Bangalore: Rupee has hit a five-month high against dollar, which results in the experts’ opinion including brokerage firms such as Goldman Sachs and Nomura who expects its value to strengthen further and hold ground at 50 by the year-end.

The current rally in the rupee will continue with the currency closing the year at 51 to the U.S. dollar on account of improving CAD and recent reforms by the government, according to Goldman Sachs. The agency said in a note, “We remain positive on the rupee due to an improving CAD (current account deficit) and greater capital inflows, in part due to the recent reform efforts by the government, as well as the global easing of liquidity. We maintain our 12-month rupee target at 51 to the dollar.” Since CAD had sharp rise last year, it said, “We continue to maintain our earlier forecast that the CAD may have peaked in FY’12, and will likely trend down due to the sharp rupee fall. We expect the FY’13 CAD at 3.5 per cent of GDP, down from 4.2 percent in FY’12.”

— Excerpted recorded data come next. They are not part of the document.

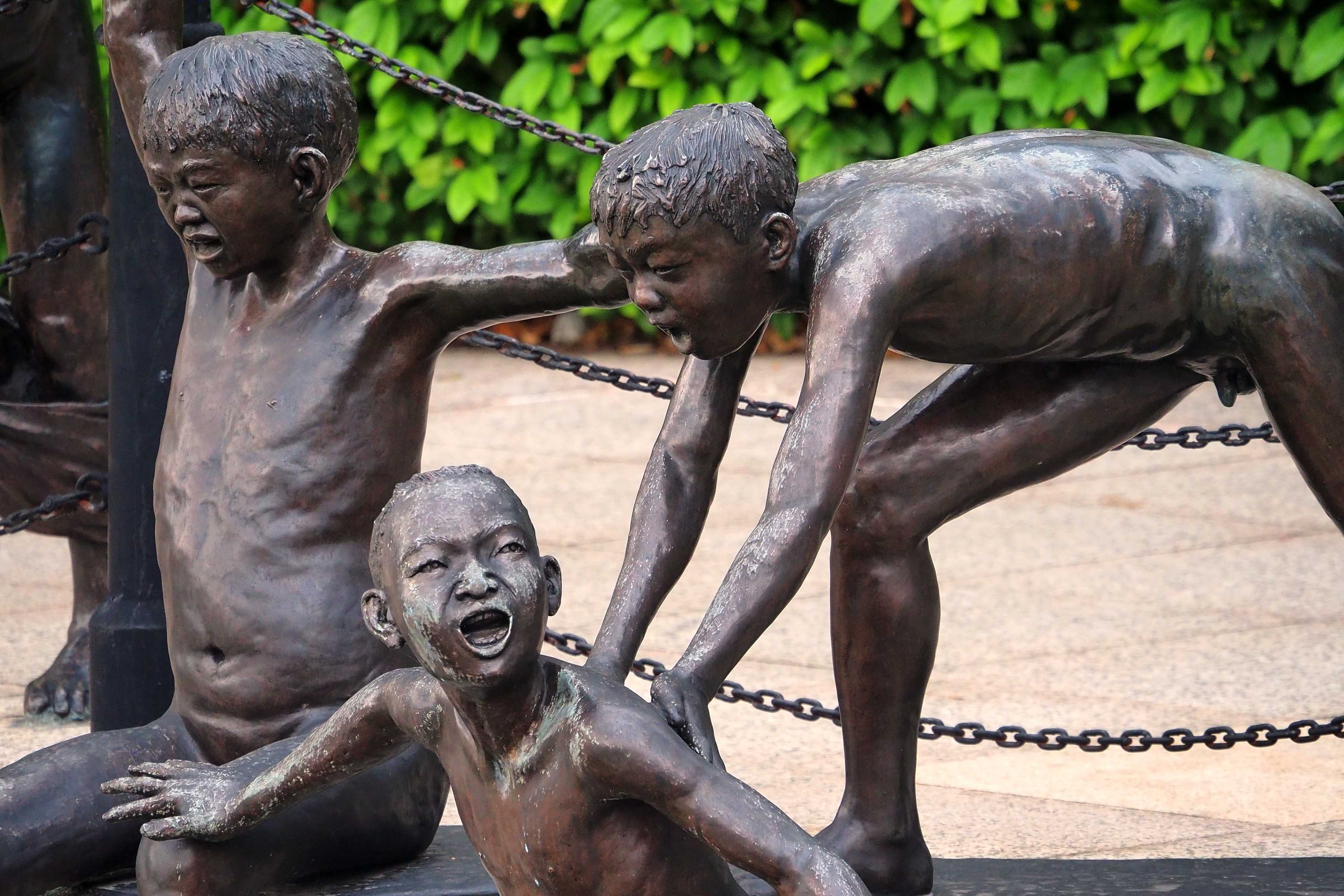Avec "The First Generation", l'artiste Chong Fah Cheong évoque les jeux des enfants des premiers immigrants qui se baignaient dans le cours d'eau.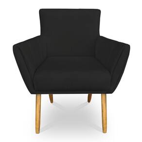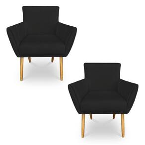 Kit 2 Poltronas Decorativa Leticia Suede Preto Pés Palito Castanho - Pallazio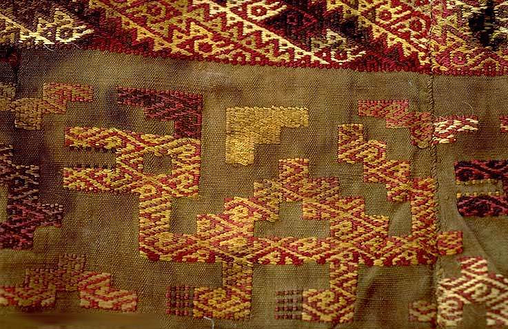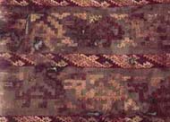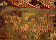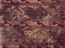 在发掘了当地一个据信有一千三百年之久的古墓中(ca. 700 A.D.),除了发现死者外,还发现部份的祭祀陪葬品,这包括了一些陶器及一张织工极为精致的挂毯,挂毯中的构图是以恐龙为基本图形作简单而重复的边饰,而陶器上的绘画也以描绘出一只活生生的恐龙作为主要装饰。

There has been a gain in rupee since July after hitting a life-time low of 57.13 in mid-June. Ever since the starting of the year, the local currency has gained over 7 percent, and still it is down 18 percent from its pre-August 2011 highs. In 2011 the rupee closed as the biggest loser among the BRIC currencies and still continues to be so. The CAD, which is the difference between foreign currency earned and expended, touched a historic high of 4.3 percent of GDP for the full year in FY’12, while in Q2 of last fiscal it had touched a whopping 4.5 percent of GDP.

Brokerage firm Nomura added “The main rationale is that we see scope for further positive news or events before the end of October, including disinvestment schedule for public sector undertakings, further liberalisation measures (including discussions on FDI insurance bill) and creation of the National Investment Board.”

“In the medium term, we expect INR to depreciate on the back of uncertain global growth backdrop largely due to the economic and political risks emanating from Europe. Locally, the fundamental imbalances in the economy would constrain monetary policy stimulus,” it said. “With inflation and fiscal deficit still structurally elevated, the risk is that rupee will bottom out towards the end of 2012 and rise through 2013 to new record highs again,” the report added.